Acontece que Suzanne assume a diretoria a contragosto por considerar-se une potiche e por ter de negociar com os sindicalistas. Ajudada pela secretária – e amante – do senhor Pujol, Suzanne faz da cena da negociação um momento de humor espontâneo ao comparecer à mesa de reivindicações vestida com trajes caros e armada unicamente da sua polidez, enquanto do outro lado os homens que lutam “pela causa” abusam do discurso vazio, das barbas malfeitas e das roupas caricatas.

Diferentemente do marido, a senhora Pujol demonstra um comportamento progressista, aberto ao diálogo e à inovação. Em pouco tempo a fábrica conhecerá o melhor momento em muito tempo e a popularidade da responsável por esta ascensão se tornará notável a ponto de fazer da amante do marido uma aliada. A recuperação de Robert, porém, traz uma disputa de poder para o seio da família Pujol. A tensão não passará em branco e gerará conseqüências para a reputação dos envolvidos.

A trama descrita acima exibe os elementos mínimos que permitem a François Ozon demonstrar compreensão sobre a engrenagem do gênero e, portanto, realizar uma comédia de costumes bastante eficiente. A pergunta que ressoa, no entanto, é por que adaptar a peça três décadas depois? Qual o interesse do diretor na gama crítica que qualquer obra do gênero guarda? A sátira costuma desempenhar um papel importante quando a liberdade de expressão parece ameaçada por qualquer forma de repressão, seja política ou moral, o que dificilmente nos leva a crer que esta seja uma boa resposta para as perguntas. Se Ozon, de outro modo, pretende afirmar que a França de hoje ainda preserva alguma das características daquele tempo, como a polaridade caricata e os preconceitos infantis, então talvez o tenha feito de forma excessivamente discreta; se a ideia, ainda, apela à diversão pela diversão, então a sátira social a partir de uma estrutura completamente superada aparenta ser um erro de percurso.

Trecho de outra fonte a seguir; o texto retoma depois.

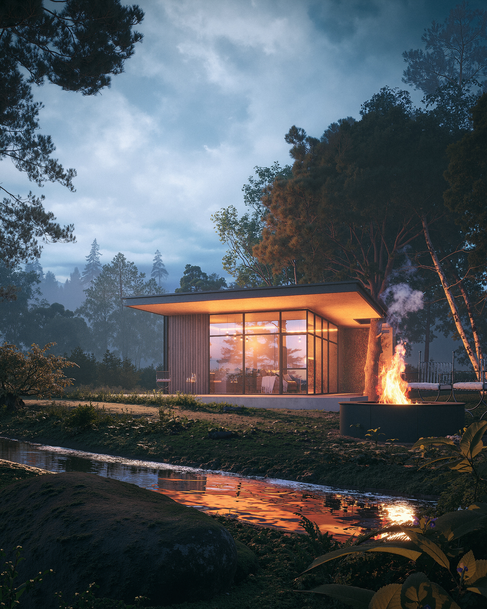 Делая коммерческую визуализацию (моя предыдущая работа с пустыней), сначала был запрос сделать лес, но позднее задача поменялась, и сцена с лесом осталась в столе.

Sem essas respostas, sobra-nos a garantia, através dos estereótipos, de um humor raro, em certos momentos sofisticado, e a sensibilidade cinéfila de Ozon ao recuperar – e homenagear – François Truffaut com a presença do casal Catherine Deneuve-Gérard Depardieu, reeditando o encontro de O último metrô (Le dernier métro, François Truffaut, 1980).